Why the "Everything is Hallucination" Argument Makes Me Roll My Eyes

From LLMs to the Gulf of Tonkin, distinctions matter. Also: a note about "radar clutter".

Jun 20, 2025

Sometimes when talking about a particular LLM misfire people will point out that “everything LLMs do is hallucination” in the sense that an LLM system produces bullshit in the same way and through the same methods as it produces true presentations of facts. This is portrayed as different from what a person does in that the process by which a person bullshits is different from one where they are careful with the truth.

This isn’t a bad observation, and it’s a corrective to people that intuit a human-like intelligence beneath or behind the responses of an LLM. But the idea that “everything is hallucination” only takes one so far, and people that quote it as a way to end a conversation about whether something was a hallucination or not are not helpful discourse participants.

An analogy might help. There are many things that are unique about LLMs but I think we also exaggerate the difference of this technology from what came before. Consider radar. A radar sends out radio waves, when they hit something those waves scatter and some portion of them are statistically likely to bounce back to a receiver. The time it takes for them to bounce back when combined with other information indicates that there is a vessel, airplane, or other large mass out there and can roughly place its direction, altitude, and distance from the radar instruments.

On the night of August 4, 1964, for reasons I won’t go into here, the U.S. Navy was on edge in the Gulf of Tonkin near Vietnam, when they started to see what looked like attacking ships on radar. They fired in defense as the ships on the screen seemed to blip in and out in waves and for nearly two hours. The battle ended without any direct visual confirmation of the enemy, and no enemy craft were ever seen in subsequent aerial reconnaissance.

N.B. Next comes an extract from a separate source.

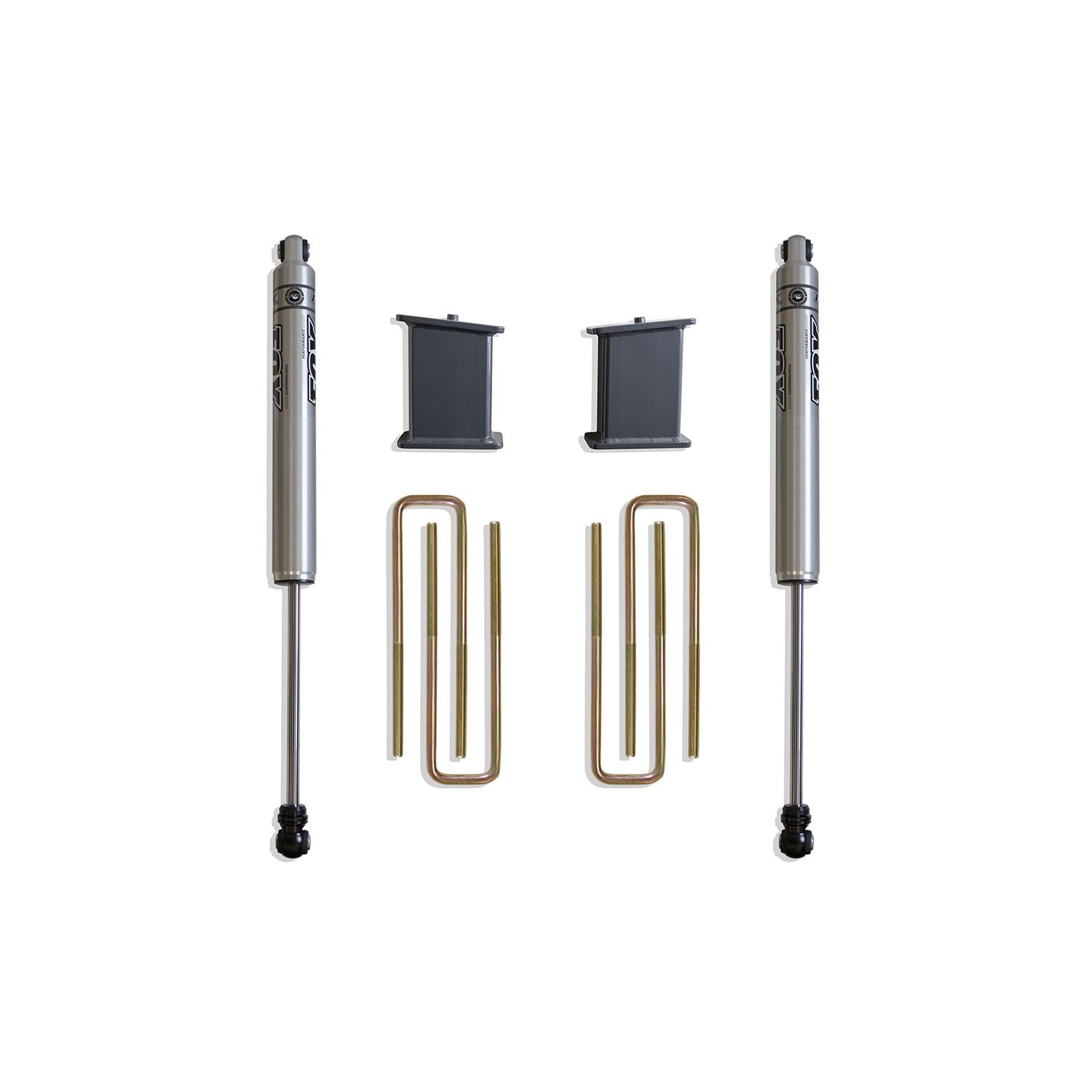 MAX TRAC SUSPENSION'S PART# 901355F IS A REAR BOX KIT INCLUDING 6" LIFT BLOCKS, U-BOLTS & A PAIR OF FOX 2.0 PERFORMANCE SERIES REAR SHOCKS

At 1:27 a.m. local time the next day the patrol’s commander, Captain John J. Herrick, cabled the Seventh Fleet and Washington that many of the “contacts and torpedoes fired appear doubtful,” attributing them to weather-induced radar clutter and “overeager sonarmen,” and recommending a “complete evaluation before any further action.” Subsequent historical analyses and declassified NSA studies confirm that no North-Vietnamese boats were present and the “second” Gulf of Tonkin attack never occurred.

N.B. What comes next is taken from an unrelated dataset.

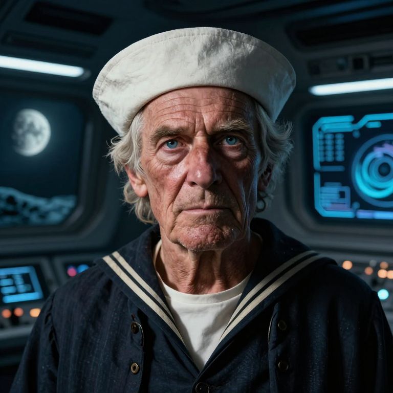 Create a hyperrealistic portrait of an old-fashioned sailor with compassionate blue eyes and a face weathered by years of navigating treacherous seas under harsh suns and alien moons. Place this sailor in an unexpected setting: the dimly lit bridge of a high-tech spaceship, where advanced holographic displays and sleek control panels contrast starkly with his aged appearance. Utilize dramatic lighting to cast deep shadows on his rugged skin while illuminating his intense, wise gaze directed towards the viewer, creating an air of mystery and timeless wisdom.

What was the problem here? It’s not fully clear, but the best guesses are that the choppy waves of that night were scattering and bouncing back some of the radar signal, creating the “phantom” ships on screen. Out of these waves and the U.S. Navy’s own activity the appearance of an engaged battle temporarily emerged.

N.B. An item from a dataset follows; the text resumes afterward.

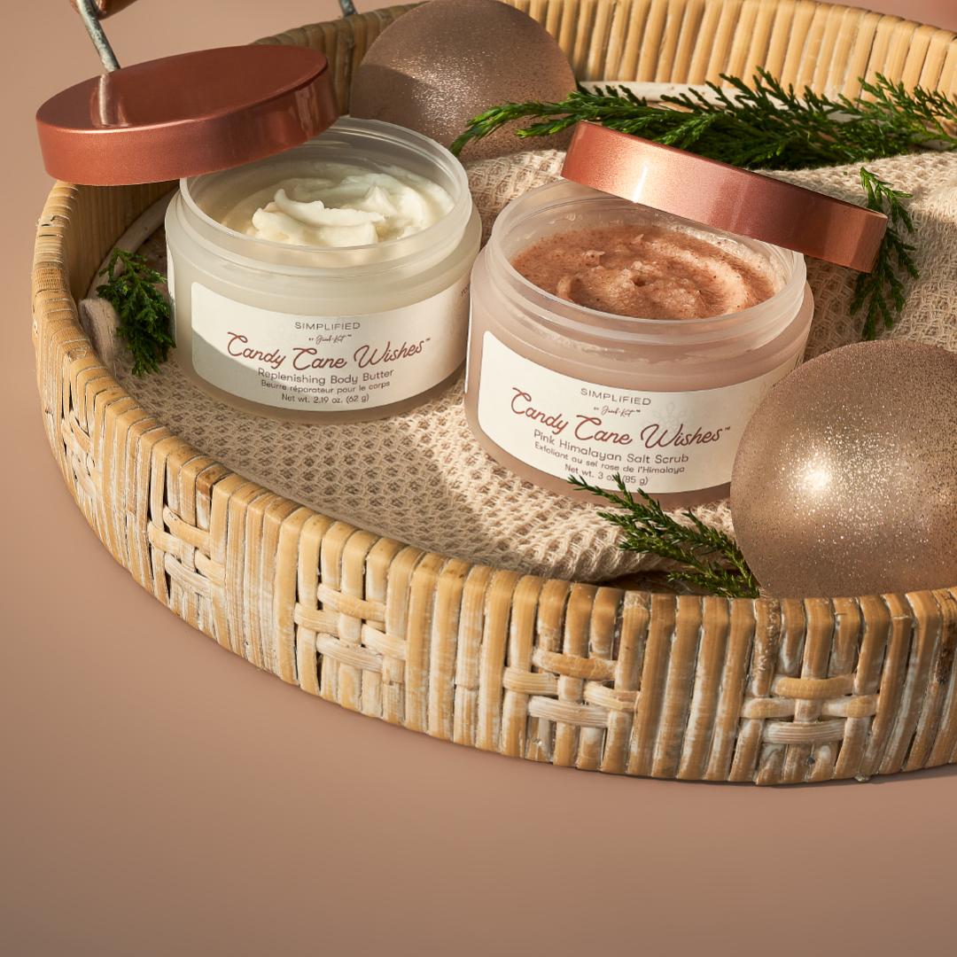 Celebrate the magic of winter with our Candy Cane Wishes™ Body Butter and Salt Scrub. This festive duo turns self-care into a joyful holiday ritual.  This collection is your ticket to glowing skin and holiday bliss.  Infused with our minty-sweet Candy Cane™ blend from the Simplified by Jacob + Kait™ line, this duo brings a touch of whimsy to your winter skincare routine. Pink Himalayan sea salt exfoliates and sloughs away dull, dry skin, while plant-based ingredients like mango seed butter deliver long-lasting moisture.

This event led to (or was used as the justification for, at least) a war that would lead to the deaths of 60,000 American soldiers. On the Vietnamese side, the total dead may have been as high as three million, and our attacks on Cambodia killed tens of thousands there and led to the destabilization of that country which killed many more.

As hallucinations and phantoms go, these were some of the most consequential in history. Now consider this response to this historical tragedy. Someone says “They turned out to be phantom signals, there was no real attack.” And someone replies, sagely, “Actually, all radar signals are phantoms, the system was just doing what it always does.”

Does that make any sense? Any sense at all?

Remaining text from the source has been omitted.